İsrail’de aşırı sağın yükselişi ve ‘Bibi’ lakaplı Netanyahu’nun dönüşü korkuttu. Bu sonucun bölgedeki normalleşme sürecini baltalamasından ve Filistin’e yönelik saldırıların artırmasından endişe ediliyor.

Aşırı sağ korkusu
Fotoğraf: AA

Dış Haberler

İsrail’de önceki günkü erken genel seçime aşırı sağın yükselişi damga vurdu. Netanyahu’nun lideri olduğu Likud Partisi 31, aşırı sağcı Dini Siyonizm Partisi 15, ultra Ortodoks partilerinden Şas 10, Birleşik Tevrat Partisi ise 5 milletvekili kazandı. Böylece 120 sandalyeli İsrail meclisi Knesset’te Netanyahu’nun liderlik yaptığı sağ-aşırı sağ blok toplamda 62 milletvekiline ulaşarak çoğunluğu elde etti.
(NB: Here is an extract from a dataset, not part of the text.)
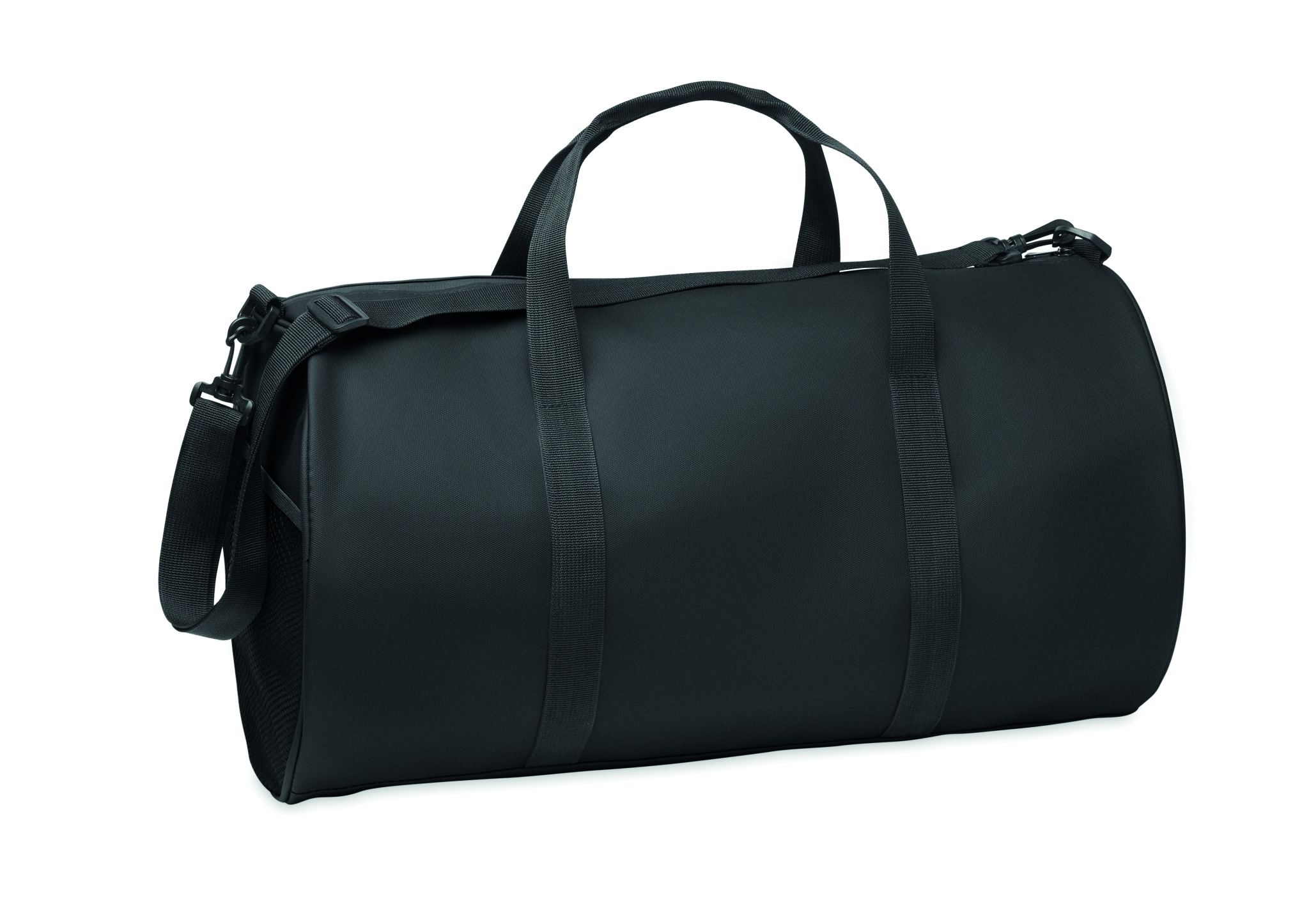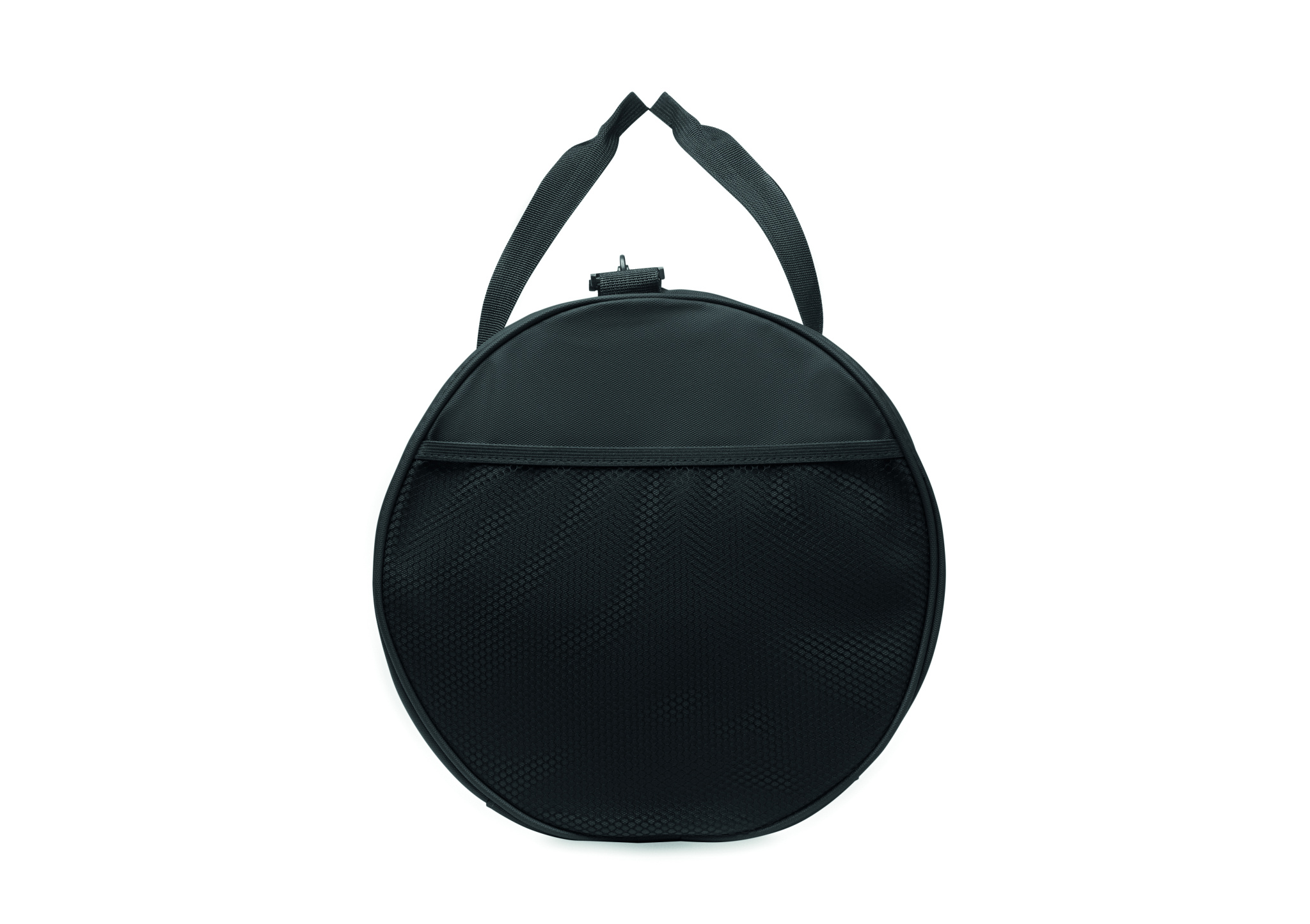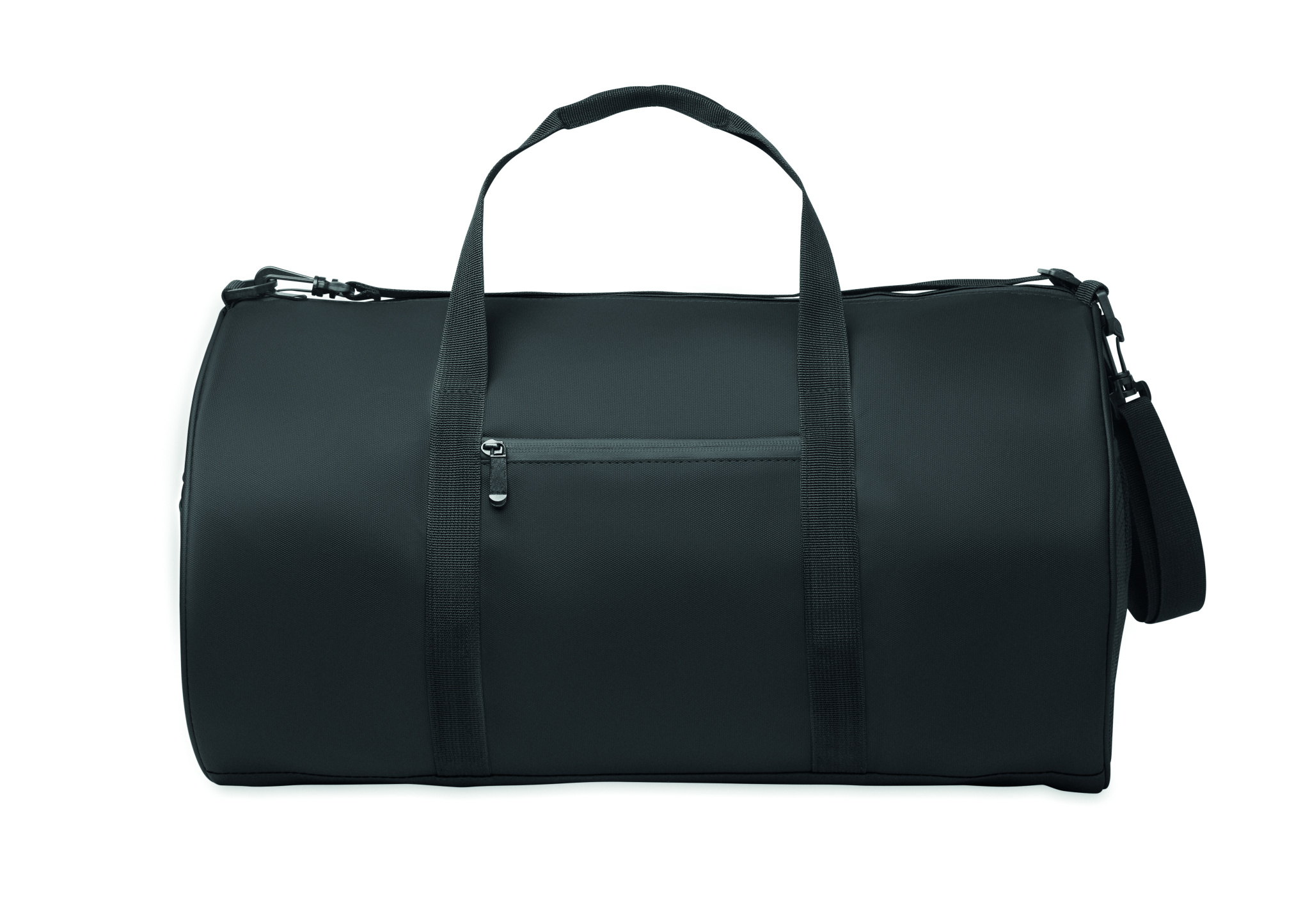 Duffle bag in 600D RPET polyester with PU coating. Front zippered pocket. Inside 210D RPET polyester lining. 1 side zippered compartment / 1 side mesh compartment. Zippered pocket inside.

Başbakan Yair Lapid’in Gelecek Var Partisi 24 sandalyeyle ikinci parti olurken Savunma Bakanı Benny Gantz’ın Ulusal Birlik Partisi 12 milletvekili çıkardı. Lapid öncülüğündeki Değişim Koalisyonu’nda yer alan İsrail Evimiz, İşçi Partisi ve İsrail vatandaşı Filistinlilerin partisi Birleşik Liste 5’er milletvekili çıkardı. Aynı bloktaki merkez sol parti Meretz ise sadece 4 milletvekili elde etti. Böylece Değişim Koalisyonu’ndaki partiler toplamda ancak 54 sandalyeye ulaşabildi. İki blokta da yer almayı reddeden İsrail vatandaşı Filistinlilerin partisi Ortak Liste, 4 sandalye elde etti.

IRKÇI SLOGANLAR ATILDI

Sağ blokta yer alan Ultra-Ortodoks partilerden "Şas", aşırı sağcı "Dini Siyonizm" ve "Otzma Yahudit" partilerinin merkezlerinde toplanan kalabalık, ellerinde İsrail bayraklarıyla muhaliflerine karşı sloganlar eşliğinde, sevinç gösterileri düzenledi. Irkçı söylemleriyle tanınan Ben-Gvir’in konuşması sırasında partililer, "Araplara ölüm" sloganı attı. Netanyahu liderliğindeki blokta yer alan ve ırkçı dinci bir parti olarak ilk kez mecliste üçüncü en büyük parti konumuna yükselen Dini Siyonizm Partisi merkezinde de benzer sevinç gösterileri vardı.

İÇERİDE DIŞARIDA ENDİŞE

Netanyahu liderliğindeki sağ blokun hükümeti kurabilecek sayıya ulaşması ülke içinde ve bölgede endişeye yol açtı. Başbakanlığı döneminde yolsuzluktan yargılanan ‘Bibi’ lakaplı Netanyahu’nun, sertlik yanlısı politikaları yeniden devreye sokmasından korkuluyor.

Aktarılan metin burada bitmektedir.